Narayanaswami Srinivasan faces court challenge to BCCI post
Nation's supreme court to hear case put by Bihar state that the game's most powerful man should not be allowed to stand for re-election
Narayanaswami Srinivasan, the most powerful man in cricket, faces a last-ditch challenge to his reinstatement this weekend as head of India's board, days after his son-in-law was charged in a corruption scandal.
The combative president of the Board of Control for Cricket in India (BCCI) should have been a certainty at Sunday's annual meeting in Chennai, facing no challenge to his re-election for a third year in office.
But he now has a new hurdle tomorrow after the Supreme Court agreed to consider a request for an injunction to prevent him from standing for election, brought by a cricket association in Bihar state.

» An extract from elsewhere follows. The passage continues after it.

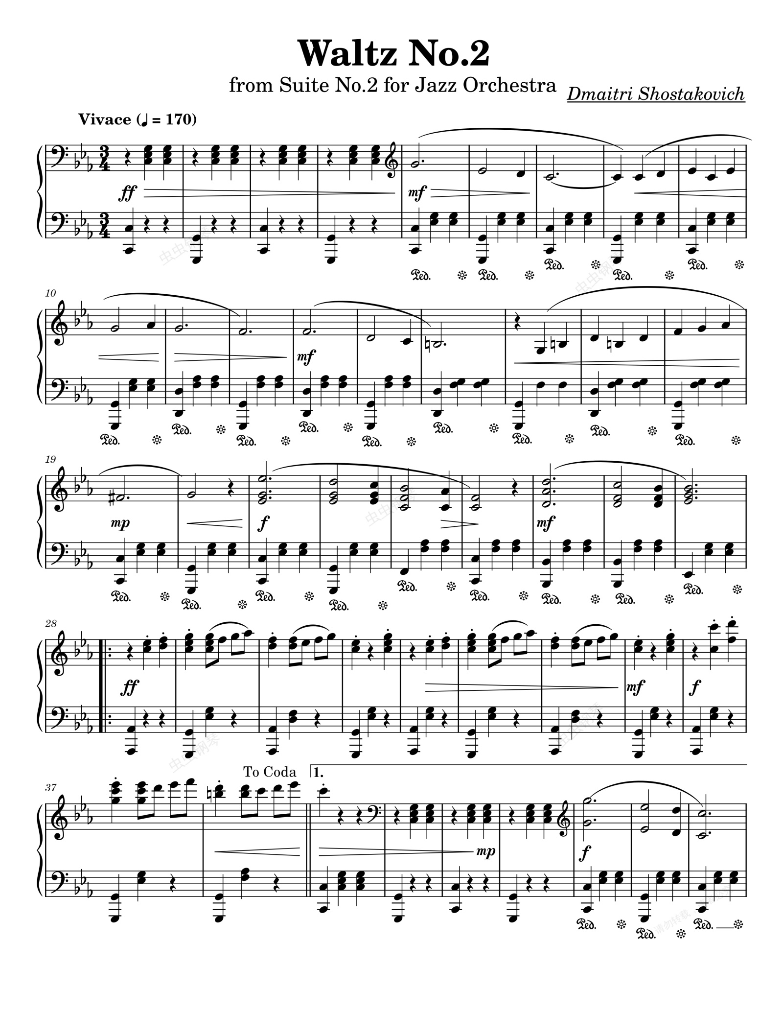钢琴谱:肖斯塔科维奇第二号圆舞曲 Waltz No. 2 (The Second Waltz) by Dmitri Shostakovich for Piano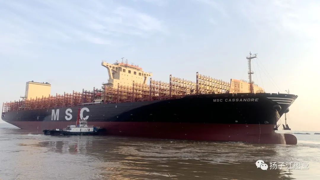 “MSC CASSANDRE”輪的交付,標(biāo)志著揚(yáng)子江船業(yè)集團(tuán)為SEASPAN船東續(xù)建的5艘12200TEU系列超大型集裝箱船項(xiàng)目圓滿完成。

India, cricket's superpower, generates 70 per cent of the international game's revenue due to its vast television audiences, allowing the BCCI to have its way in all significant decisions on the game's future.
Other international boards dread falling out with the BCCI, aware that the sale of television rights for India series is vital to their survival.
The hearing is yet another headache for Srinivasan, 68, who had to nominally step aside from the BCCI in June - curtailing his powers - when his son-in-law Gurunath Meiyappan was named as a suspect in a corruption inquiry.